(Records excerpted from a collection)

════════════════

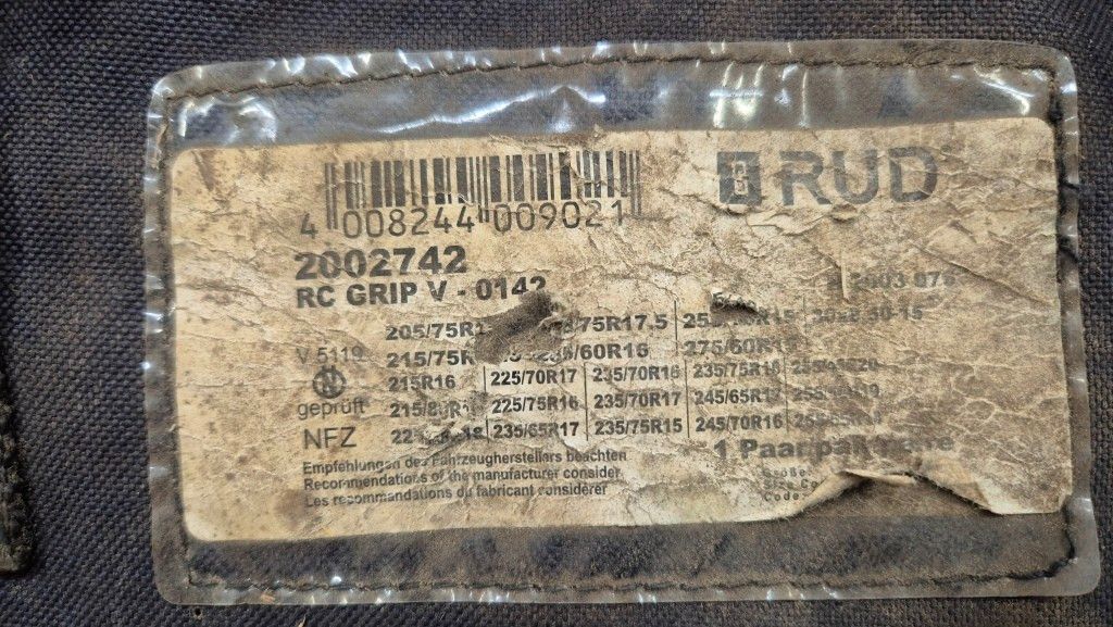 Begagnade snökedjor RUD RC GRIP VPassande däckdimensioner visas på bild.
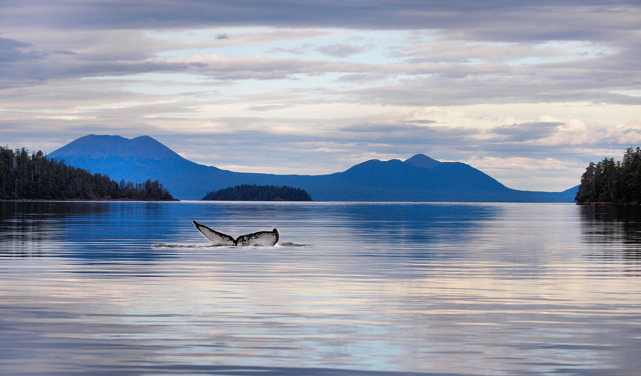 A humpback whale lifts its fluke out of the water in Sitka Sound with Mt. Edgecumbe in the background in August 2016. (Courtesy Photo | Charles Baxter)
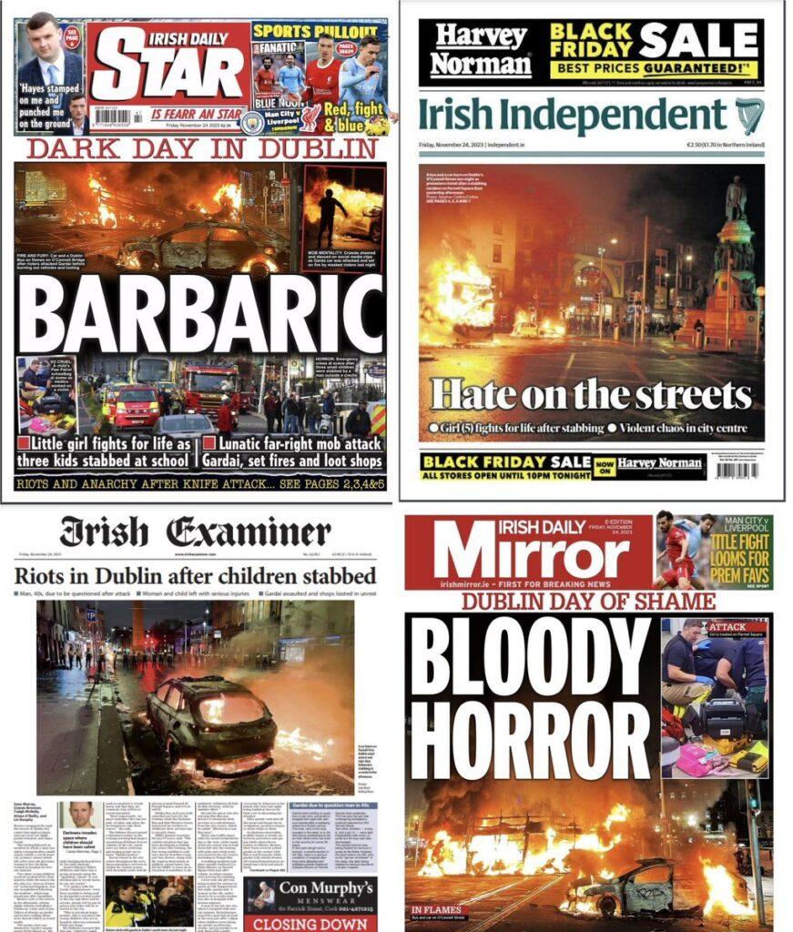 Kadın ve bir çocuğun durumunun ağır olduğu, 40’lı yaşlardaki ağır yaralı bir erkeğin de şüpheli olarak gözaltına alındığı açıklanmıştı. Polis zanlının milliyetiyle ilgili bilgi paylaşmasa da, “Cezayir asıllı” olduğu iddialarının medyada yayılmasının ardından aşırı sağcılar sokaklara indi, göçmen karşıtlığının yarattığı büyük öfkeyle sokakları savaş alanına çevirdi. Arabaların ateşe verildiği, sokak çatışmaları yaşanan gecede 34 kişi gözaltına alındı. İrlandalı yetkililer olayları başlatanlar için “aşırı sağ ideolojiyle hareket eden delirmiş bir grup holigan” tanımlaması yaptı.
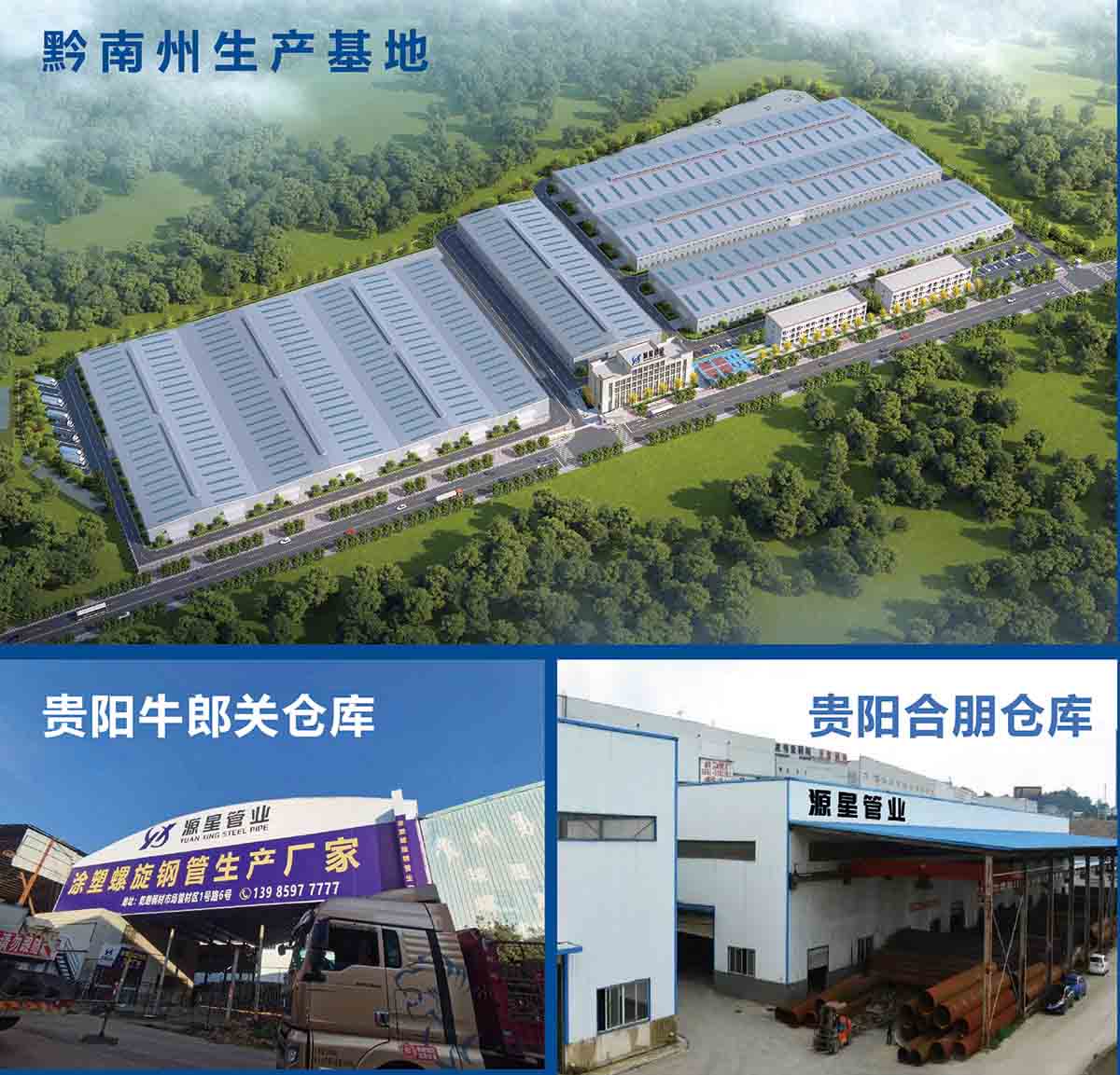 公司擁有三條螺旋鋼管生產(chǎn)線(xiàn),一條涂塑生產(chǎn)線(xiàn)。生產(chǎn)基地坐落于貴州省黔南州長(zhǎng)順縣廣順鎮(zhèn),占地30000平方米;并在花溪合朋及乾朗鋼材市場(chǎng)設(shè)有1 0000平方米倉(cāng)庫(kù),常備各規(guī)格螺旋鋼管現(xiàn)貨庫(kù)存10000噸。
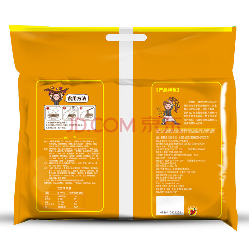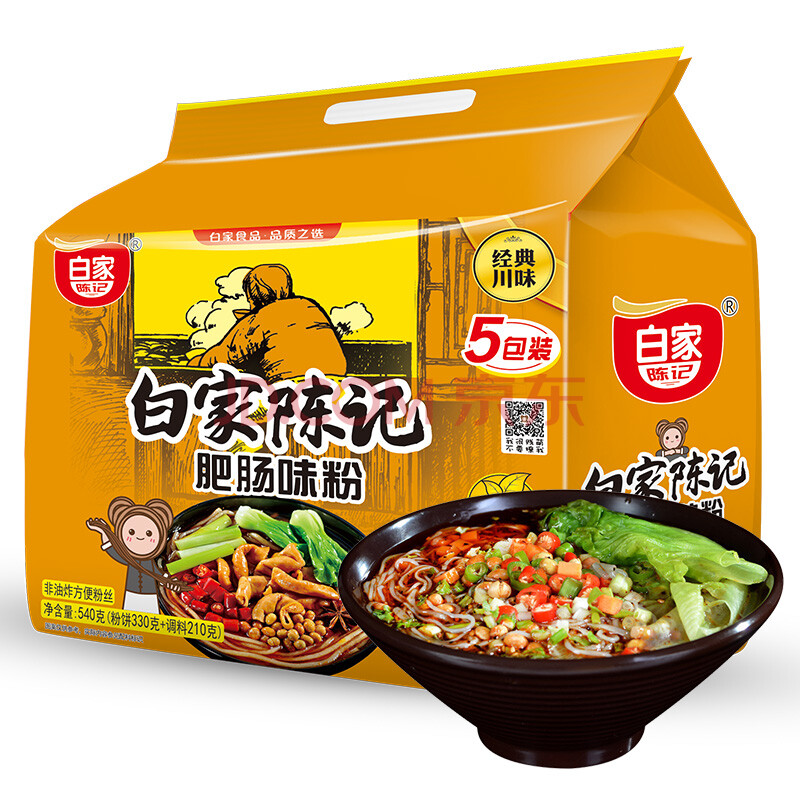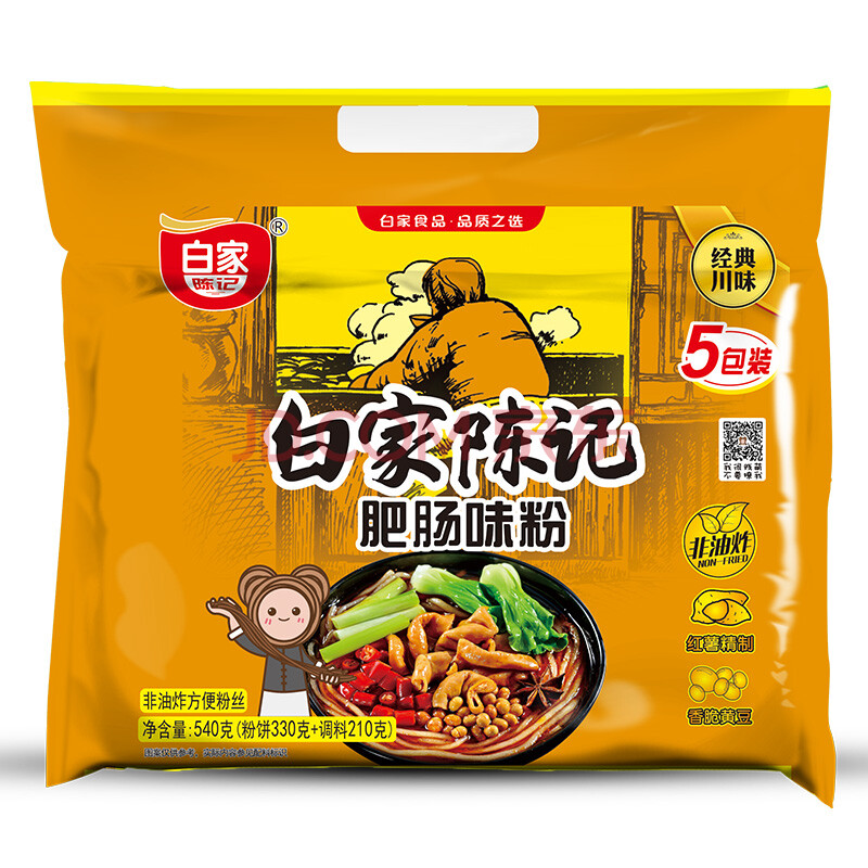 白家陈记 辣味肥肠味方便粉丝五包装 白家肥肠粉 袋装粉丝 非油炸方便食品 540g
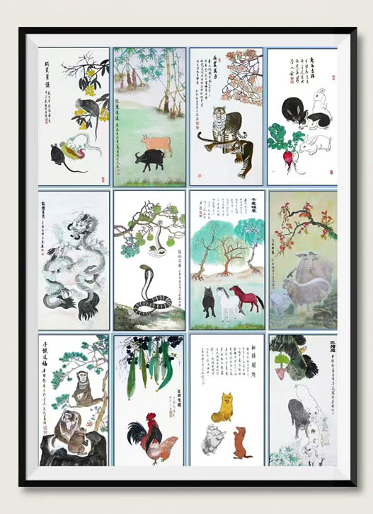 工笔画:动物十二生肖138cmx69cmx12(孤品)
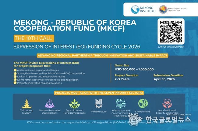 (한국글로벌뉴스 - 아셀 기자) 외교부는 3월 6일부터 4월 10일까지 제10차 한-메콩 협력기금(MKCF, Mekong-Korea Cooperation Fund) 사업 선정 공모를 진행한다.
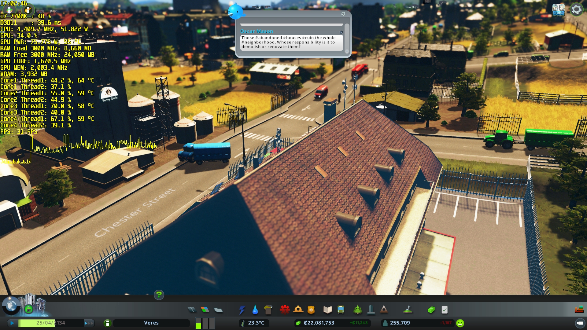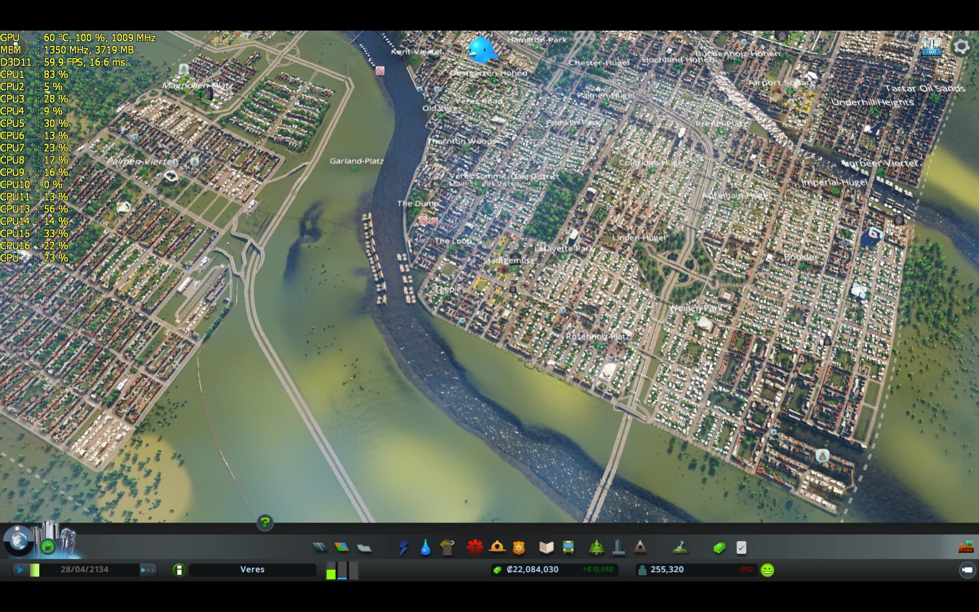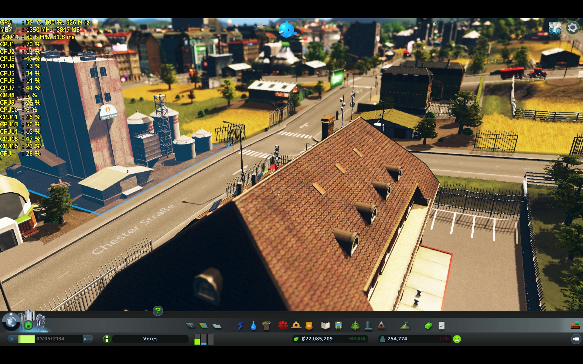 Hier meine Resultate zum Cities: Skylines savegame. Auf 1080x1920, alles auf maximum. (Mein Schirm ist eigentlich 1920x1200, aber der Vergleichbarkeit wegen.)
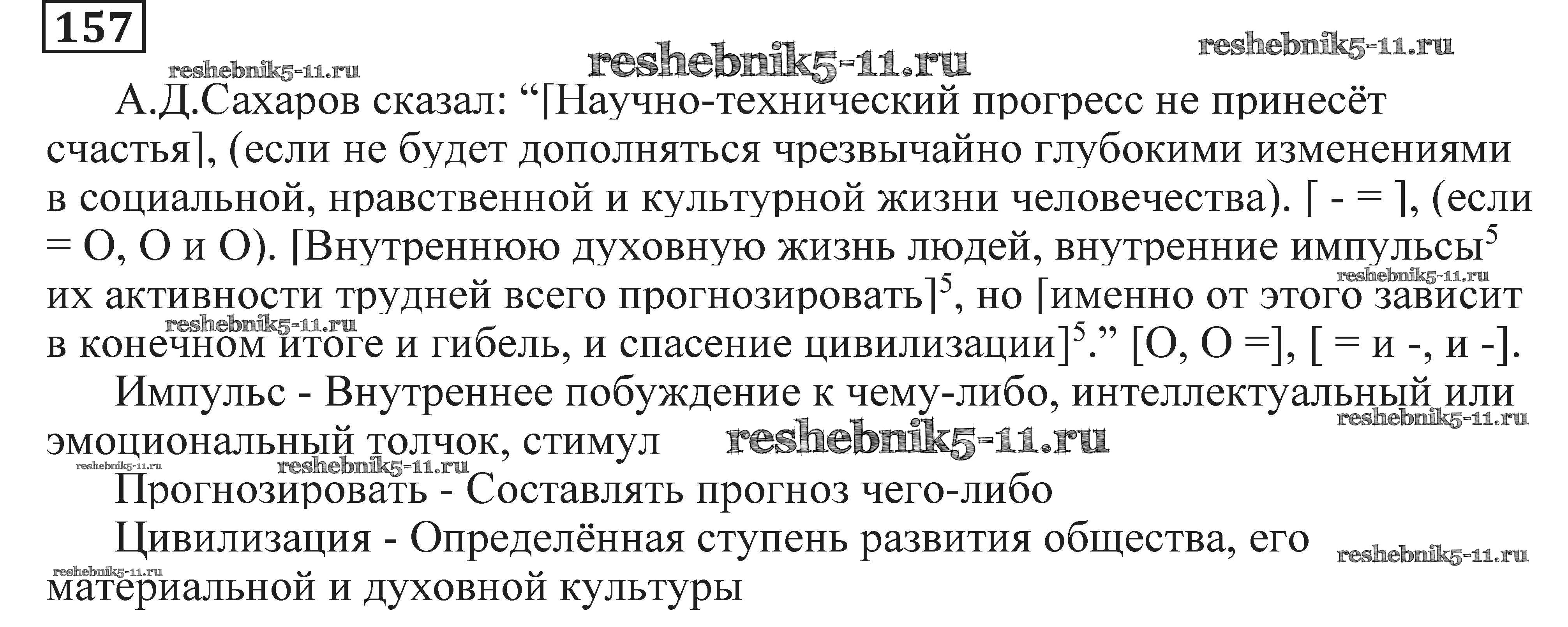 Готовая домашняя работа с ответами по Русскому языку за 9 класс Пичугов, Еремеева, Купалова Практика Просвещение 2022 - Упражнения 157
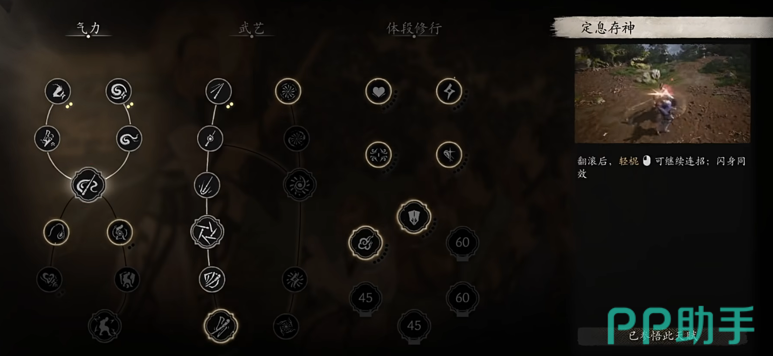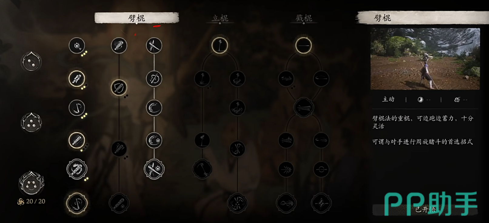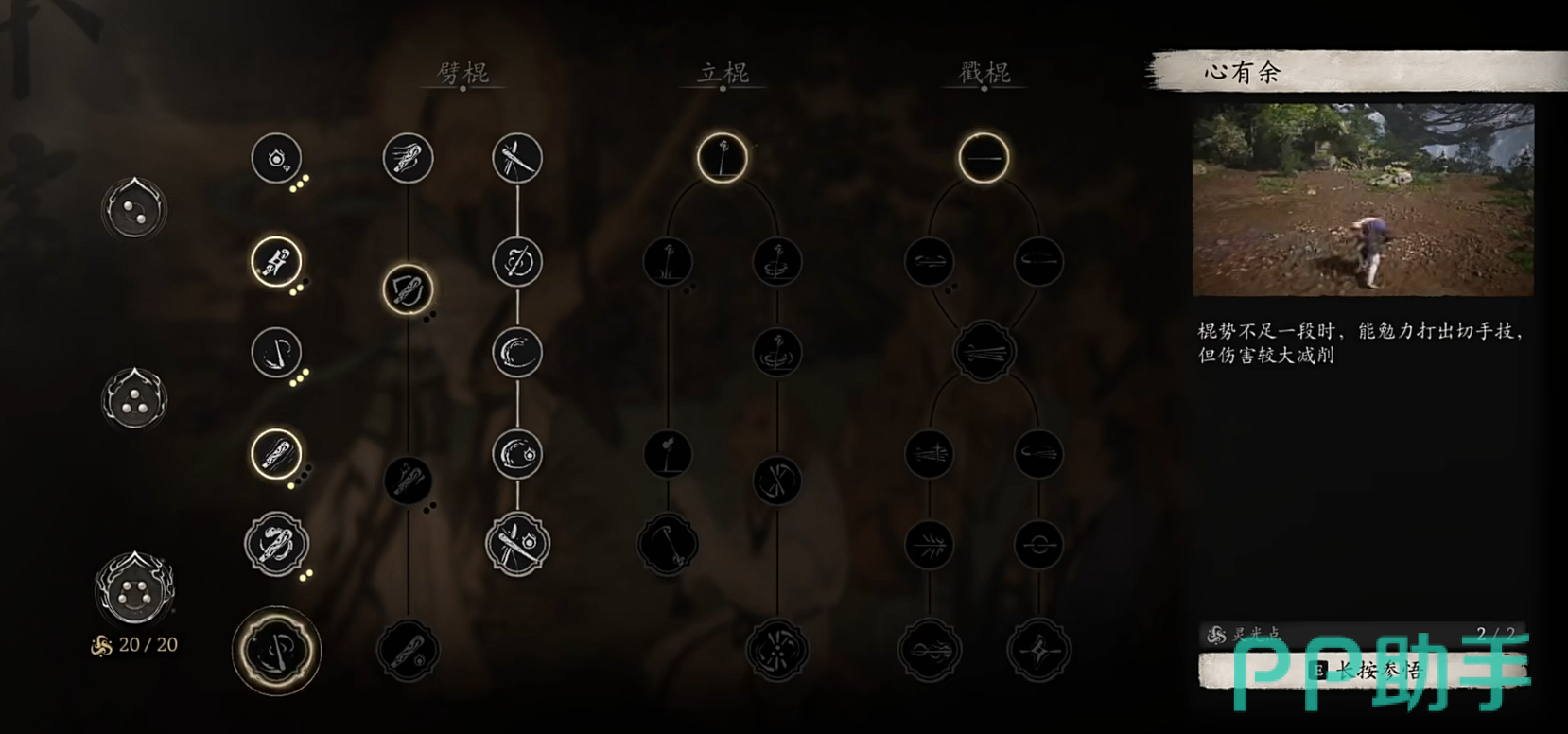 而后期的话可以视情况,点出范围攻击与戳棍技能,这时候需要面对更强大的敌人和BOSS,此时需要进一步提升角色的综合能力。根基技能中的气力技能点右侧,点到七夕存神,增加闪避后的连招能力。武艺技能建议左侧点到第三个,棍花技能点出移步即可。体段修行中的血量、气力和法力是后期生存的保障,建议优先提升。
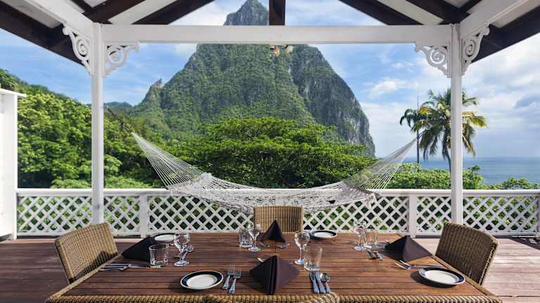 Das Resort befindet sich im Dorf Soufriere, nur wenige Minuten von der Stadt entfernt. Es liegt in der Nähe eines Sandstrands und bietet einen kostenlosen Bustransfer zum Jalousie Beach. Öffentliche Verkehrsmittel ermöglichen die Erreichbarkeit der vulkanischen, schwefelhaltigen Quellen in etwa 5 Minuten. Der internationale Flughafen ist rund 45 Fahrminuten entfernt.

════════════════

### [Exercise description]
Each line from the top of the records through the one containing "Kadın ve bir" needs to be transcribed exactly, without pictures.

### [Task answer]
 Begagnade snökedjor RUD RC GRIP VPassande däckdimensioner visas på bild.
 A humpback whale lifts its fluke out of the water in Sitka Sound with Mt. Edgecumbe in the background in August 2016. (Courtesy Photo | Charles Baxter)
 Kadın ve bir çocuğun durumunun ağır olduğu, 40’lı yaşlardaki ağır yaralı bir erkeğin de şüpheli olarak gözaltına alındığı açıklanmıştı. Polis zanlının milliyetiyle ilgili bilgi paylaşmasa da, “Cezayir asıllı” olduğu iddialarının medyada yayılmasının ardından aşırı sağcılar sokaklara indi, göçmen karşıtlığının yarattığı büyük öfkeyle sokakları savaş alanına çevirdi. Arabaların ateşe verildiği, sokak çatışmaları yaşanan gecede 34 kişi gözaltına alındı. İrlandalı yetkililer olayları başlatanlar için “aşırı sağ ideolojiyle hareket eden delirmiş bir grup holigan” tanımlaması yaptı.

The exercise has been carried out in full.